Tuesday, May 30, 2006

Another "water is wet" study

In what qualifies as the most obvious story of the day, researchers have found that when the concentration of atmospheric carbon dioxide increases, poison ivy grows faster and is more vigorous.

Wow. I never would have guessed that one [/sarcasm]. I mean, after all, carbon dioxide is essentially plant food, several studies have already shown that trees grow faster in high CO2, and most species of plants evolved in atomspheres with carbon dioxide concentrations three to four times higher than today. For anyone who understands basic plant biology, this study's findings would have been quite predictable.

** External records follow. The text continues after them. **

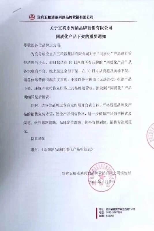 4月8日,宜宾五粮液系列酒品牌有限公司销售部下发《关于宜宾系列酒品牌营销有限公司同质化产品下架的重要通知》。《通知》称,即日起在10日内将所有品牌的“同质化产品”从各大电商平台、线上渠道全部下架;在30日内从商超及卖场下架,各运营商不能以任何理由(无法管控)拒绝产品下架,违规者将被终止品牌运营权。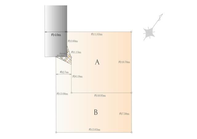 Equipment and utilities available include city gas, public water supply, sewerage, and electricity. The road frontage details specify a 4-meter wide private road on the northwest side, without a designated position. A portion of the land, 9.02 square meters, is private road area with a shared burden ratio of one-third. The terrain is sloped. The property is vacant land, suitable for residential construction, and is a re-buildable lot. The transaction method is general intermediary. The price is negotiable upon consultation.
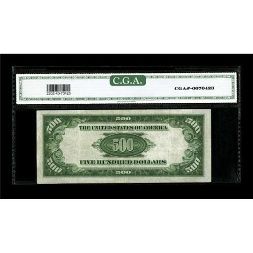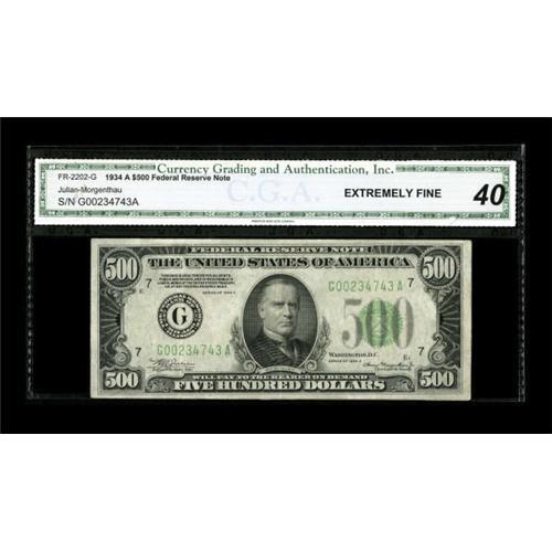 <B>Fr. 2202-G $500 1934A Federal Reserve Note. CGA Extremely Fine 40.</B></I><BR> Three vertical folds and a horizontal fold account for the grade on this Chicago $500.<BR><BR><b>Shipping:</b> Coins & Currency (<a target="_blank" href="http://www.heritageauctions.com/common/shipping.php">view shipping information</a>)

But I doubt this study was intended for scientists. Rather, it was intended to create screaming headlines like "Global Warming Will Create Super Poison Ivy!". Judging by the way they pounced on it -- it was featured on NPR's "All Things Considered" this afternoon -- that was exactly what the MainStreamMedia wanted.

Ever wonder why you don't hear about any studies showing how increases in carbon dioxide will increase forest growth, improve plant health, and produce larger crops? It's not that such studies can't, haven't been, or aren't being done, it's that such studies would undermine the alarmist position prevalent in the Media and, unfortunately, the scientific community.

After all, they have a society to engineer and Proles to micromanage. They can't let such things like facts get in the way.